Determining a second sample image vector, a second sample audio vector and a second sample text vector of the second sample segment through the second initial pre-estimation network, performing feature fusion on the second sample image vector, the second sample audio vector and the second sample text vector to obtain a second sample fusion vector of the second sample segment, and determining a second prediction attribute of the second sample segment based on the second sample fusion vector;

And performing iterative training on the second initial estimated network based on the predicted sample heat corresponding to the second predicted attribute and the real sample heat corresponding to the second sample attribute to obtain the second target estimated network.
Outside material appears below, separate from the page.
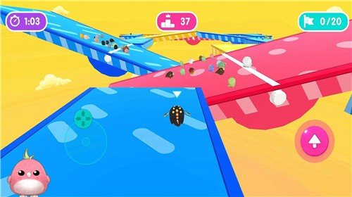 2、精美卡通画风打造,玩家可以自由都和其他玩家竞技对战,不断闯关就能解锁全新地图。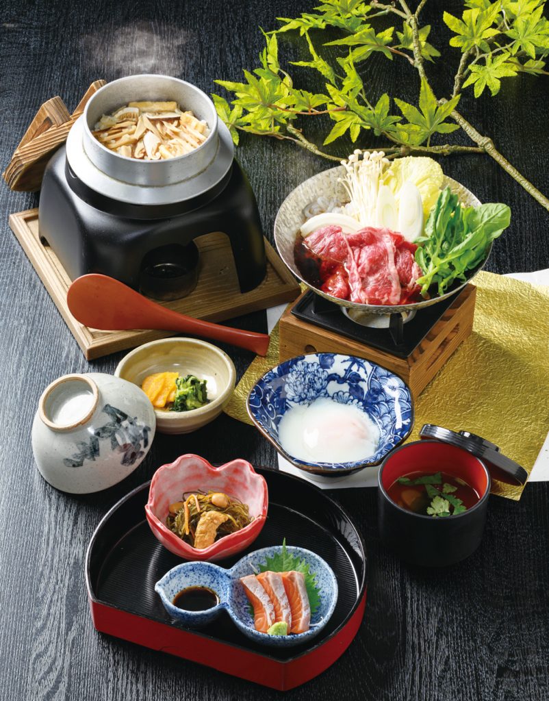 香り高い松茸釜飯と、旨みたっぷりの和牛すき焼きをセットにした御膳は、

7. The method of claim 1, wherein the K video clips include video clip S _i, and wherein i is a positive integer less than or equal to K; the target network model comprises a third target pre-estimation network for predicting a third segment attribute of the video segment S _i;

the predicting, by the target network model, a third segment attribute of each of the K video segments, and determining, based on the third segment attribute of each video segment, a segment interest level of each video segment includes:

acquiring a target associated video associated with a target user in an application client, acquiring a target video tag of the target associated video, and taking the target video tag as a target interest tag of the target user;

Determining a target segment feature vector of the video segment S _i through the third target pre-estimation network, determining a target associated feature vector of the target associated video through the third target pre-estimation network, and determining a target interest feature vector of the target interest tag through the third target pre-estimation network;

A third fused feature vector of the video segment S _i is determined based on the target segment feature vector, the target associated feature vector, and the target interest feature vector, the third segment attribute of the video segment S _i is determined based on the third fused feature vector, and a segment interest level of the video segment S _i is determined based on the third segment attribute.

8. The method of claim 7, wherein the method further comprises:

taking a sample video for training a third initial pre-estimated network as a training video, and determining the watching completion degree of a sample user on the training video; the watching completion degree of one training video is used for describing the real sample interest degree of one sample user on one training video;

Taking the training video with the watching completion degree larger than a completion threshold value as a positive sample video, taking the real sample interestingness of the positive sample video as a first video tag, taking the training video with the watching completion degree smaller than or equal to the completion threshold value as a negative sample video, and taking the real sample interestingness of the negative sample video as a second video tag;

determining a third sample segment for training the third initial pre-estimated network based on the positive sample video and the negative sample video, determining a plurality of third sample attributes based on the first video tag and the second video tag;

Taking the positive sample video as a sample associated video associated with the sample user, acquiring a sample video tag of the sample associated video, and taking the sample video tag as a sample interest tag of the sample user;

Determining sample segment feature vectors of the third sample segments through the third initial pre-estimation network, determining sample associated feature vectors of the sample associated video through the third initial pre-estimation network, and determining sample interest feature vectors of the sample interest tags through the third target pre-estimation network;

Determining a third sample fusion vector for the third sample segment based on the sample segment feature vector, the sample association feature vector, and the sample interest feature vector, and determining a third prediction attribute for the third sample segment based on the third sample fusion vector;

And performing iterative training on the third initial estimated network based on the predicted sample interestingness corresponding to the third predicted attribute and the real sample interestingness corresponding to the third sample attribute to obtain the third target estimated network.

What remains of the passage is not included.